The project taught me a lot about representation learning, training decoders in frozen-pipeline setups, and the limitations of transfer learning in domain-shifted settings like brain data.

Read the full report for more details.

Transformers and Multi-Modality #

In a course Visual intelligence : machines and minds, I implemented the transformer architecture in PyTorch and trained minified versions of various vision and language models, such as GPT, MaskGIT and 4M. This work deepened my understanding of attention mechanisms, modality-specific tokenization, and training dynamics in generative and multi-modal settings.

Below is an example output from Nano4M: Given a single RGB image (left), the model predicts both the depth map (center) and surface normals (right), demonstrating its capacity for rich 3D scene understanding from a single visual input.

Model A
Model B
Model C

Any Question Any Place #

LauzHack 2024 – AXA Award for Best Use of Small Models

This AI-powered platform was built during a 24-hour hackathon and combines large language models (LLMs) with computer vision (CV) to let users ask natural language questions about satellite images—such as “How many ships are there larger than 20 meters?” or “What area is covered by forest?” The system interprets the question, selects appropriate CV tools, and returns a human-readable answer.

alt text

Our team won the AXA Award for Best Use of Small Models, recognizing our efficient design that used lightweight CV models to deliver fast and accurate analysis.

Key Features:

  • Natural language interface for satellite image analysis
  • Object counting and filtering by attributes (e.g., size, position)
  • Land use segmentation (e.g., forest, water, urban)
  • Modular backend makes it easy to add new models and tools

Check out the GitHub repository.

Designing a Programming Language and its Compiler #

We designed and implemented Um—a compiled programming language focused on ease of use. Features include parsing, scope and type checking, code generation, ergonomic concurrent execution, and a comprehensive test suite. The compiler was built in Haskell using ParSec and Sprockell.

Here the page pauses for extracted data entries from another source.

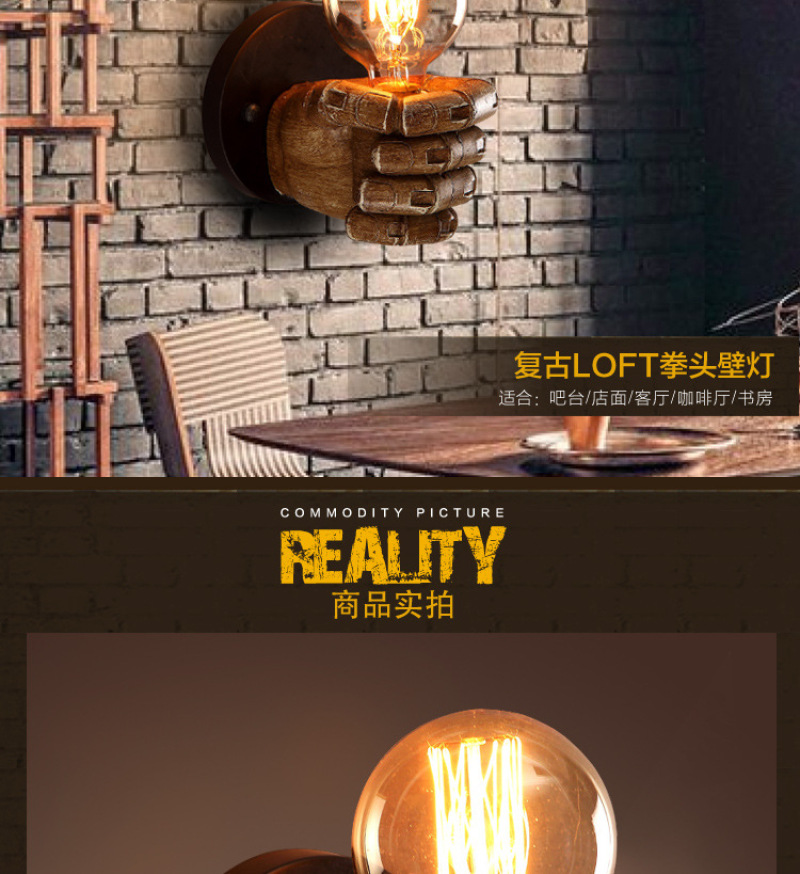 外贸专供拳头树脂壁灯 Loft工业风寿司店 酒吧厅仿古壁灯
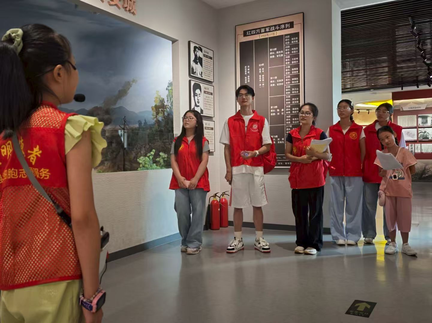 (图为小小讲解员为实践团讲述鄂豫皖苏区革命历史)
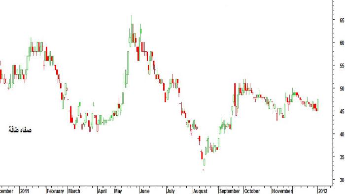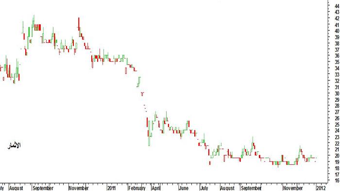 وفي نوفمبر الماضي ارتفع السهم من سعر 43 فلسا حتى وصل الى 50 فلسا ثم انخفض ليصل الى مستوياته الحالية والتي تشكل فيها 45 فلسا دعما أولا للسهم في حين ان 43 فلسا هي الدعم المحوري المانع للانزلاق للاسفل، اما مقاومته الاولى فهي 47 فلسا و52 فلسا هي مقاومته الثانية.

For example, consider the following Python code:

import threading
total = 0
lock = threading.Lock()

def thread_function(thread_id):
    global total
    with lock:
        total += thread_id

threads = []
for i in range(4):
    t = threading.Thread(target=thread_function, args=(i,))
    threads.append(t)
    t.start()

for t in threads:
    t.join()

print(total)

This program can be expressed in Um as:

g l lock
g i total

// 4
    sync lock
        total total+/
    .
.
p total

You can learn more about Um syntax and features or explore the compiler code.

Ergonomic Wireless Keyboard #

I designed and built a custom wireless ergonomic keyboard called Prototype. It is powered by nice!nano running ZMK firmware, which allows for extensive customization of key mappings and macros. The keyboard is designed to be comfortable for long typing sessions, with a split layout that reduces strain on the wrists.

The Prototype
The Prototype keyboard

ParityGames.io #

ParityGames.io is an interactive web app for visualizing, editing, and solving parity games—built for researchers and educators. Features include intuitive diagram editing, automatic layout, undo/redo, and step-by-step solver trace visualization (e.g., Zielonka). It supports both native algorithm integration in TypeScript and importing traces from external tools.

Try it online or take a look at the code.